■ Soundcheck
: Run DMC / Jo Anne Brackeen / Franco Ambrosetti Quartet

Gehört: RUN DMC. Ein Transparent war im Bühnenbauch aufgespannt, um das Ghetto am Mittwoch ins Docks zu holen. Überquellende Mülleimer, bröckelnde Fassaden mit dem Pinselstrich von Comics gezogen - das Ghetto als Sesamstraße. Und irgendwie erinnerte DMC vor diesem Hintergrund an Samson, den tapsigen Bär. Der drahtige RUN wirkte hingegen ganz konzentriert und nicht bereit zu Zugeständnissen. So erzählten RUN DMC ihre Version der Hip-Hop-Geschichte. Die Geschichtsstunde begann in grauen Vorzeiten mit dem von Kraftwerk inspirierten Electric Boogie eines Afrika Bambaataa.
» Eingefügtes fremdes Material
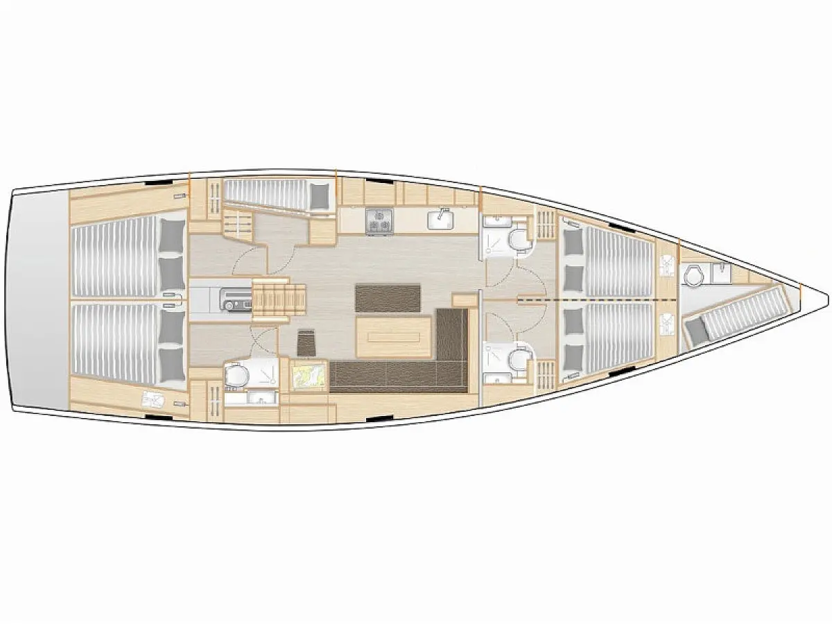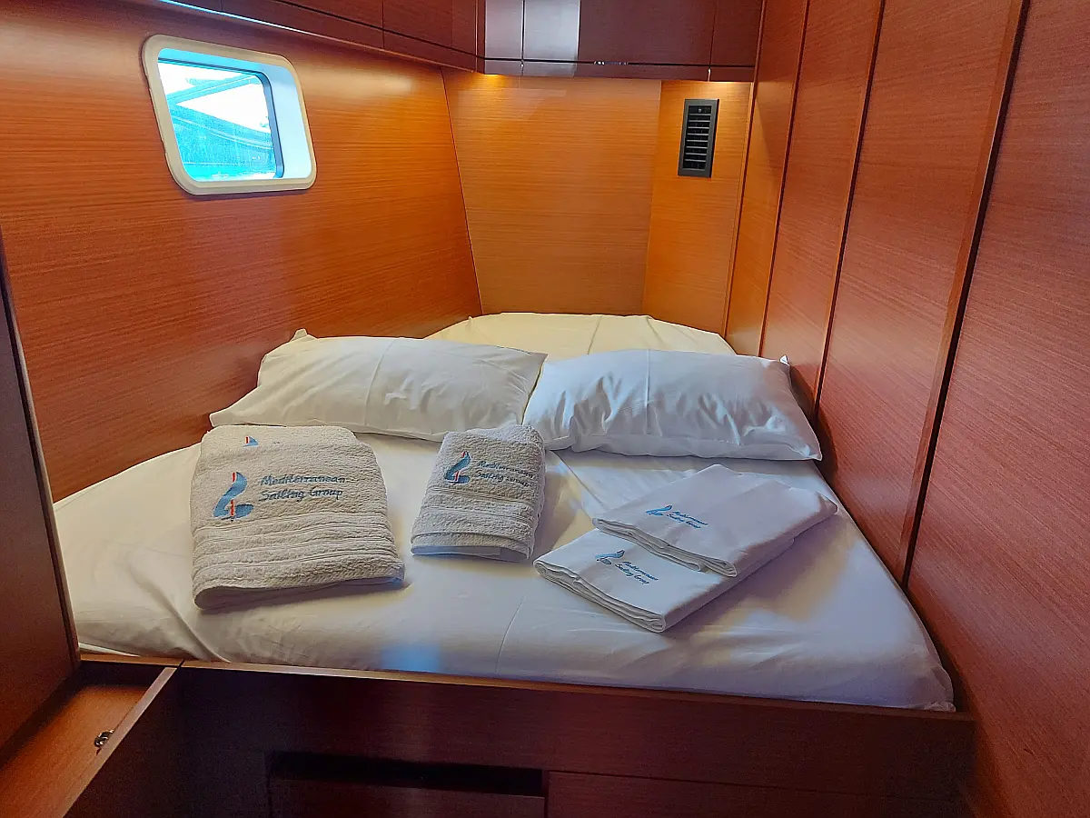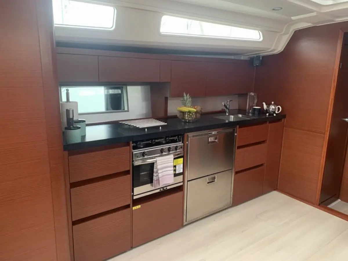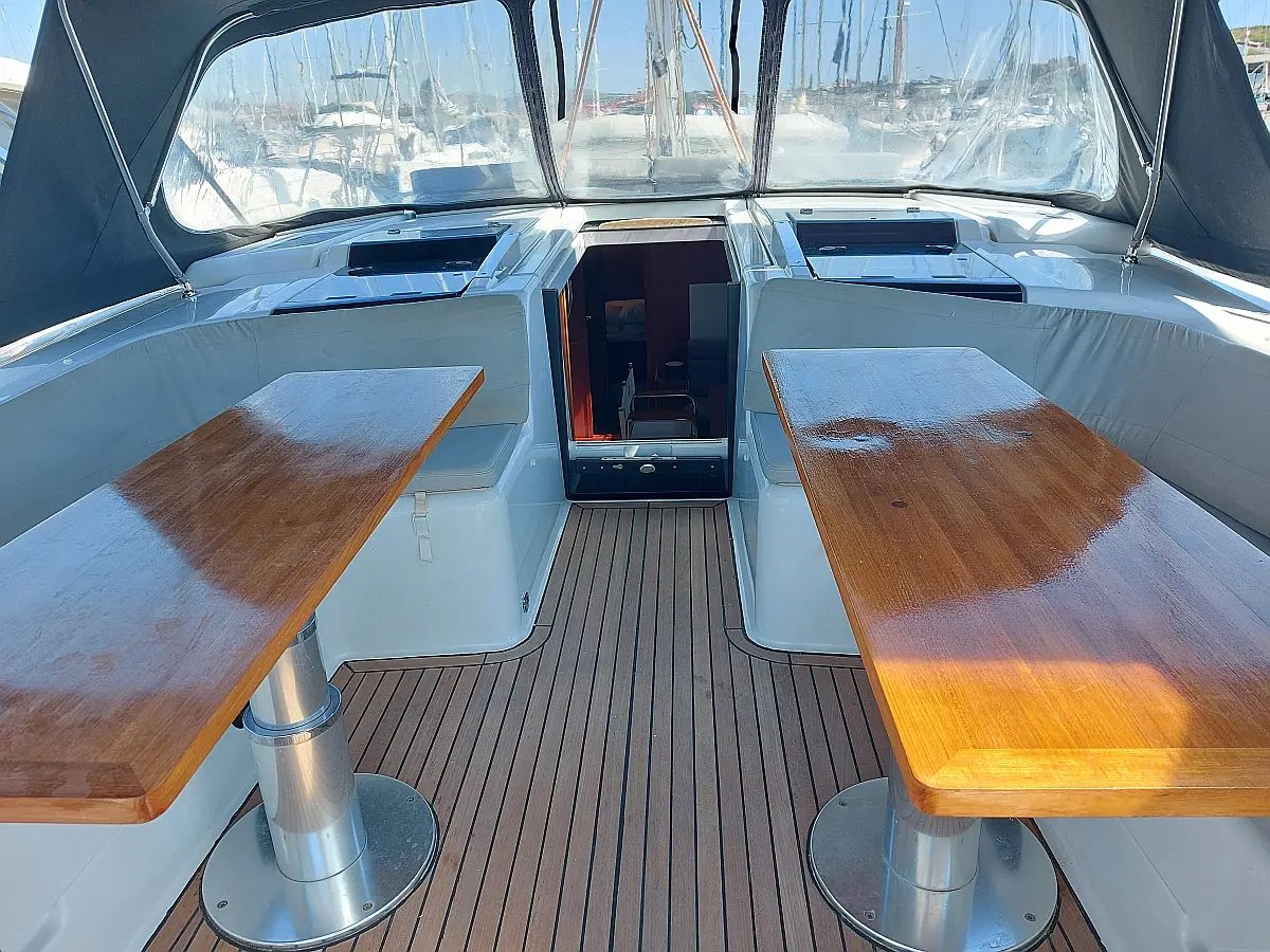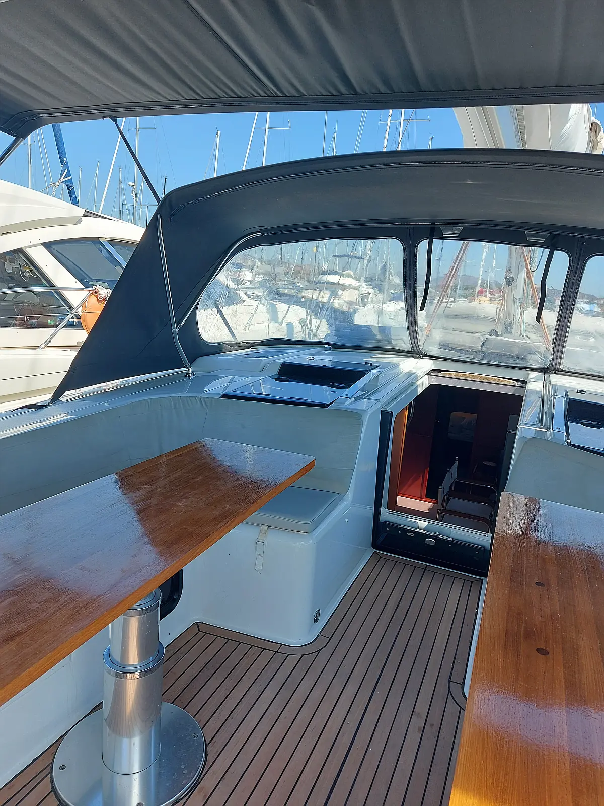 Bimini, Teak Cockpit, Outboard engine, Refrigerator, Air condition, Generator, Coffee maker, Sprayhood, Dinghy, Electric toilet, Electric winches, Water maker, Cockpit cushions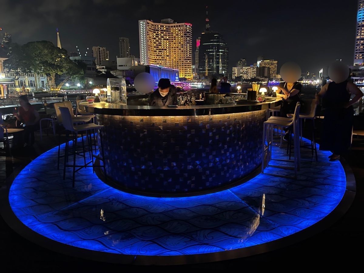 デッキのバーカウンターは夜の雰囲気に合ってて素敵でした川辺の寺院などのライトアップを見ながらゆったりと過ごすの最高に良かった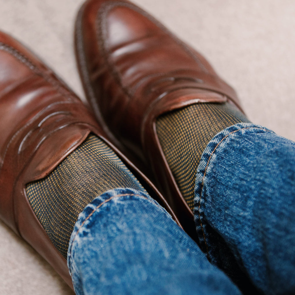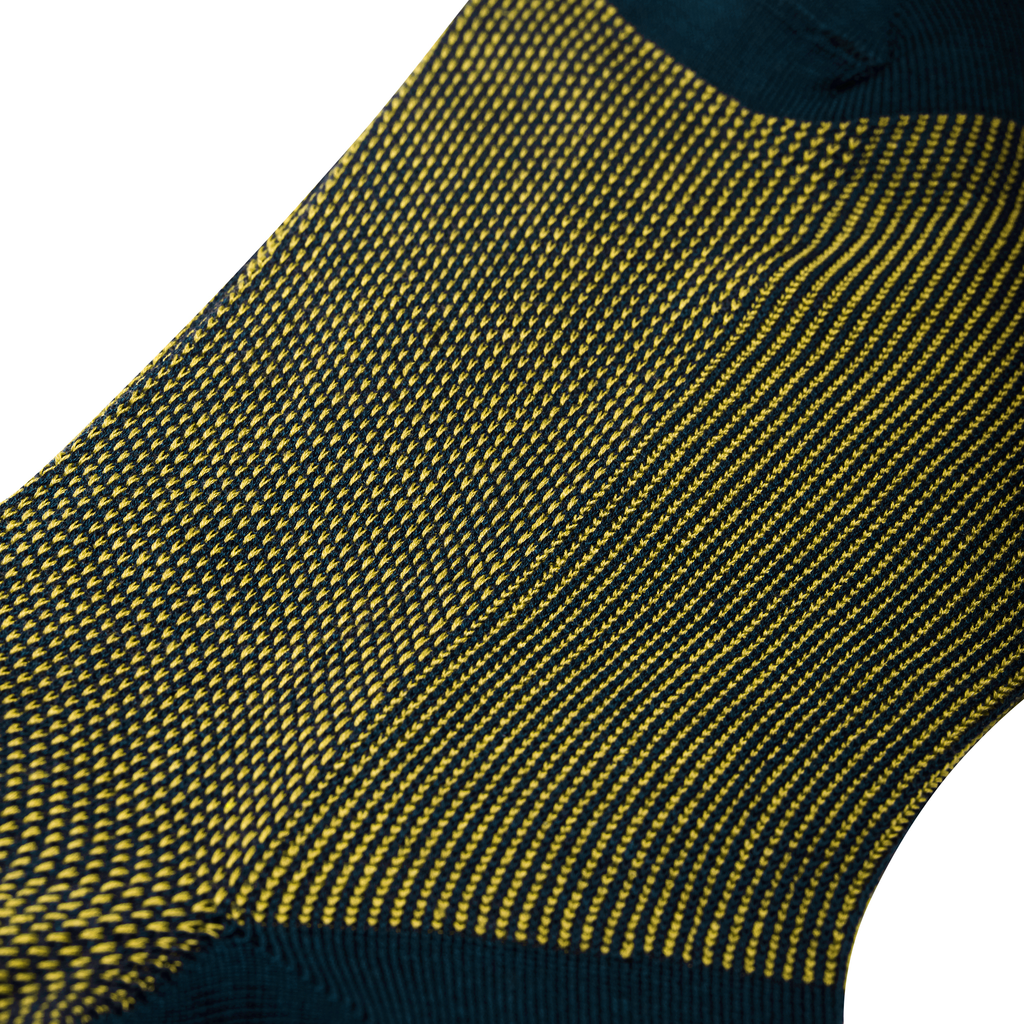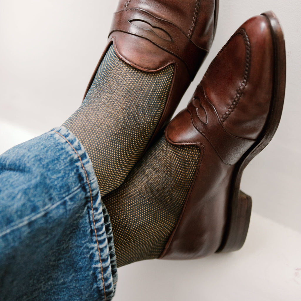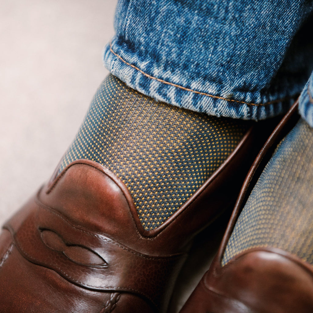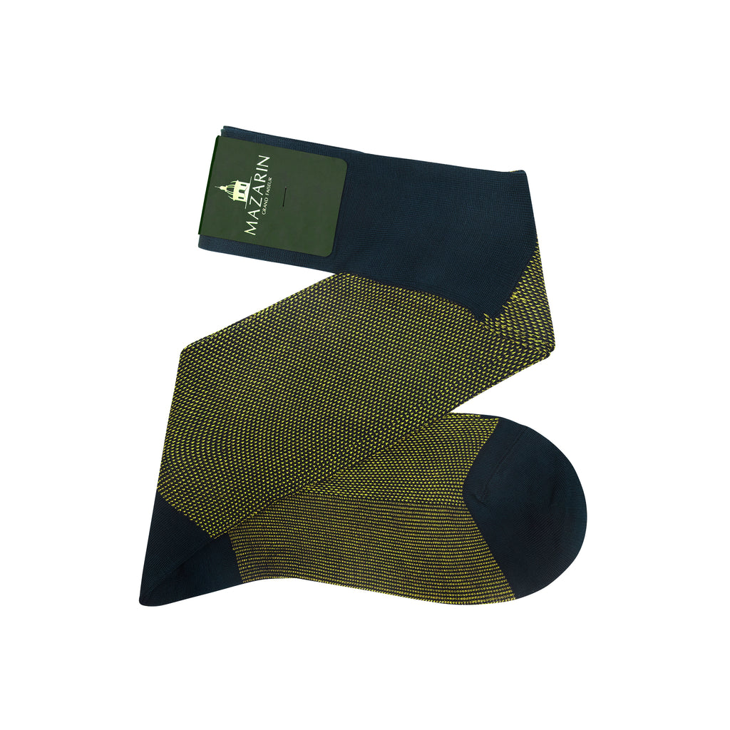 Succombez au discret motif caviar illustré sur ces mi-bas en fil d'Ecosse. Ici, le bleu est réveillé, une maille sur trois, par une maille couleur jaune, faisant transition entre un costume bleu marine et des chaussures marrons.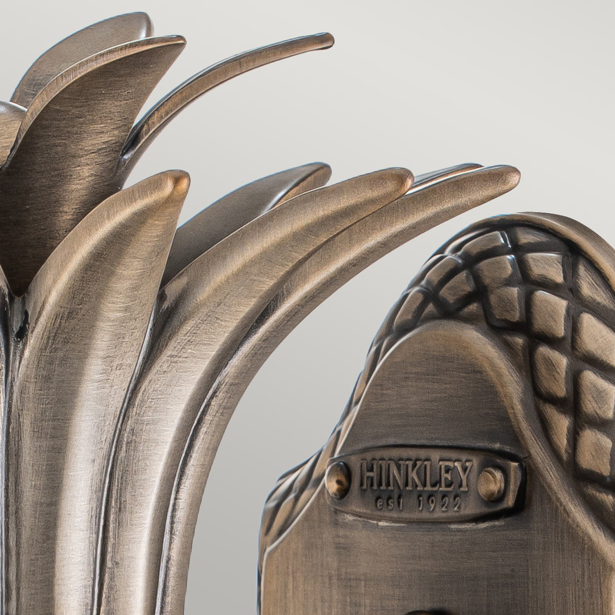 Wykonana z wysokiej jakości aluminium i przezroczystego szkła optycznego, ta lampa jest odporna na korozję dzięki specjalnej powłoce oraz trzy-letniej gwarancji antykorozyjnej. Oksydowany brązowy kolor nadaje jej szlachetny wygląd, który łatwo wpasuje się w każde otoczenie.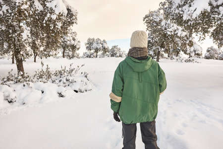 Young man in jacket in deep winter forest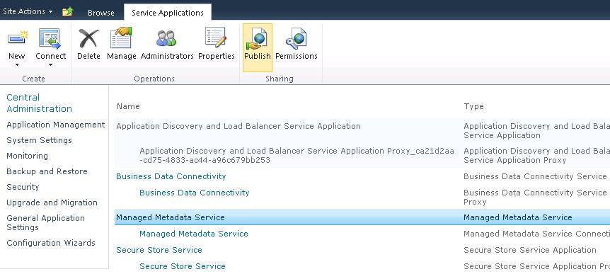 Browse to Service Applications, select the application you wish to publish and click “Publish” on the ribbon.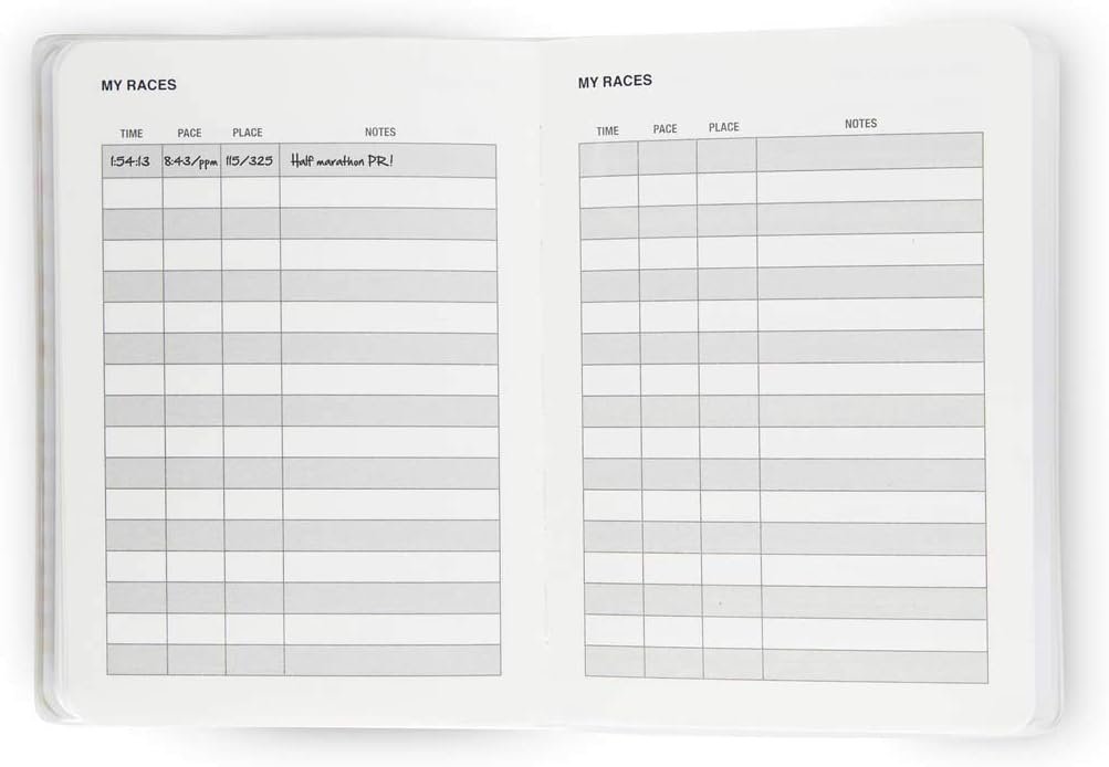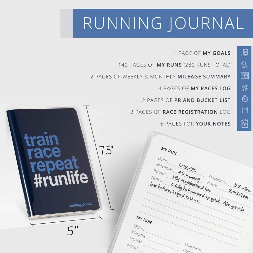 HIGH QUALITY JOURNAL! This top quality paper journal features 160 pages and a protective vinyl cover to keep your Train Race Repeat running journal in perfect condition. From the daily log entries to the “My Goals” page that helps track and record your progress, we know you’re going to love using this awesome running journal. Whether you love a speedy workout at the track or prefer a long leisurely run in the woods, use this helpful running notebook to keep track of your progress.

Mit der Routine von 15 Jahren Bühnenerfahrung streuten die Lehrer aus Queens einige Gimmicks und ihren aktuellen Hit „Watcha Gonna Do“ ein, um das Publikum bei der Stange zu halten. Mit jeder Geste verwiesen RUN DMC auf die „alte Schule“, um jedemü zu zeigen, daß Hip Hop nicht 1993 entstanden ist. Daß die Lektion zeitig mit „Down with the King“ endete mag an der in den letzten Jahren nebensächlichen Rolle der drei Könige gelegen haben oder aber am Docks, wo „Zugabe“ ein Wort aus fremden Zeiten zu sein scheint.nnnnVolker Marquardt

Heute Abend: Jo Anne Brackeen. Eine für Berufsmusiker unkonventionelle, aber für berufstätige Frauen normalerweise noch typische Karriere hat die amerikanische Pianistin JoAnne Brackeen hinter sich. Die aus Kalifornien stammende Brackeen begleitete Ende der fünfziger Jahre Dexter Gordon und Charles Lloyd auf der Bühne. Dann widmete sie sich für zehn Jahre der Erziehung ihrer vier Kinder. Trotz der späten Anerkennung gehören ihre sanften und kräftigen Töne zu den interessantesten Beiträgen des zeitgenössischen Jazz.

Nikos Theodorakopulos

NDR, Studio 10, 20 Uhr

Heute Abend: Franco Ambrosetti Quartet. Der Arbeitstag des Schweizers Franco Ambrosetti könnte etwa so aussehen: zwischen Geschäftsterminen und Aufsichtsratssitzungen holt der Maschinenfabrikant seine Trompete aus dem Schrank und den Lärm der Fabrik übertönen klare Hardbop- Linien. Für die Familie Ambrosetti jedoch nichts ungewöhnliches: Vater Flavio spielte Altsaxophon. In dessen Band machte Franco seine ersten Schritte, die ihn zum Olymp des europäischen Jazz führten. Am Klavier sitzt heute Abend George Gruntz.